(11 years, 4 months ago)
Grand CommitteeMy Lords, I would like to add a few words to what my noble friend Lord Howell has said. I congratulate the noble Viscount, Lord Hanworth, on his imagination which allowed him to stray into paths that upset even so stalwart a Labour supporter as his noble friend. The privatisation programme was hugely successful. I was responsible for launching the first one—the privatisation of British Telecom. If you talk to the people who use that company and work for it, they will tell you that the whole picture has been utterly transformed. There have been a number of others, so I do not agree with his general strictures on privatisation.
The other important thing that it is necessary to bear in mind is that a great many industries and bodies have been transferred from the public to the private sector. I cannot think of a single transfer that was at the time supported by the Labour Party or a single one that has been reversed by the Labour Party when in government—not one. Having opposed those transfers, Labour accepted every single one. I suspect that this will not be any different.
There is an interesting note in the House of Lords briefing pack. Incidentally, it is interesting that it still uses the previous numbers of the clauses and has not caught up with the Bill as published in this House. Its report on reactions to the proposed sale, which may well have influenced the wider remarks of the noble Lord, Lord O’Neill, noted that Scotland on Sunday,
“did not perceive this to be especially controversial”.
The pack describes, as the noble Viscount did, what the GPSS originally was; it continues:
“The GPSS has been expanded and restructured over several decades and today includes some 2,500km of cross-country pipelines, storage depots, pumping stations and other facilities”.
It then quotes an energy specialist, Murdo MacLean at Pinsent Masons:
“These measures will be of particular interest to utilities or other investors”.
I agree very strongly with the noble Lord, Lord O’Neill. Of course, it would have to be properly regulated. I have no doubt that Ofgem would be the appropriate regulator, but we are not at that stage yet. If we accept this clause, we simply give the Government the power to go down that path.

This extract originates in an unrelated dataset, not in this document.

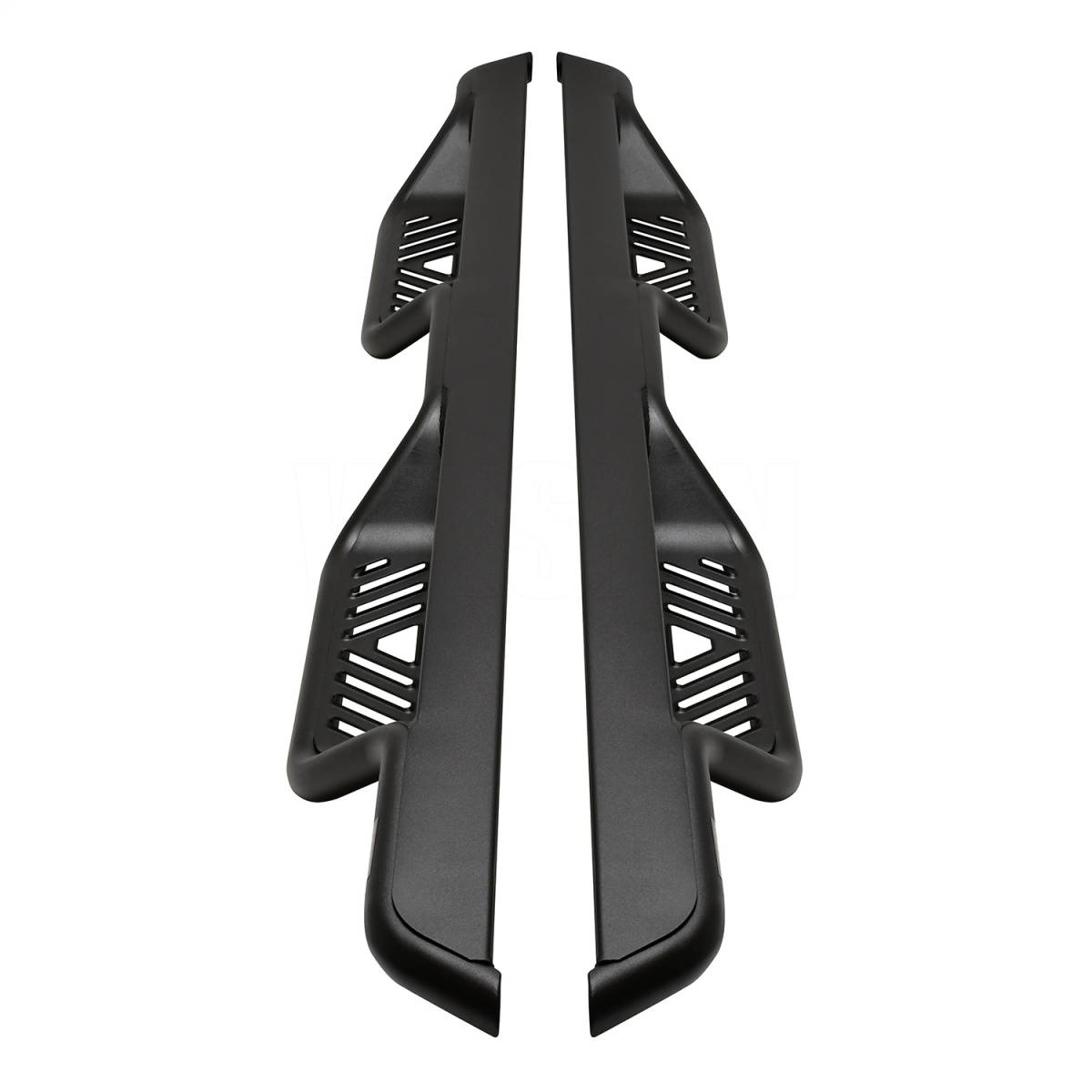 1.5 in. Diameter Mandrel Bent Steel Tube; Distinctive 4 in. Drop Die-Stamped Step Plate Provides Maximum Traction While Cleaning Dirt/Mud/And Debris; Bolt-On Installation - No Drilling Required; Hardware And Mounting Brackets Included; Electrostatic Base Coat Provides Long Lasting Corrosion Protection; Available In Textured Black Powder Coat Finish

In another report—and this may be what stimulated the noble Viscount—the RMT union opposed the sale, saying:
“Bob Crow of the RMT said that plans to increase the capacity of oil storage at Portishead were a ‘classic fattening up exercise’ in advance”.
I do not accuse the noble Viscount of having had a brief from Bob Crow but he certainly reflected what Bob Crow might have said about this clause. We need to take that all with a considerable pinch of salt.
My view is that this is a sensible clause. There is no particular reason why the Government should own this network if it can be sold, if the capital can be raised, and if it is properly regulated. I repeat that I totally agree with the noble Lord, Lord O’Neill, on that. It seems an entirely proper and appropriate thing for the Government to do, and I hope that the clause will stand part of the Bill.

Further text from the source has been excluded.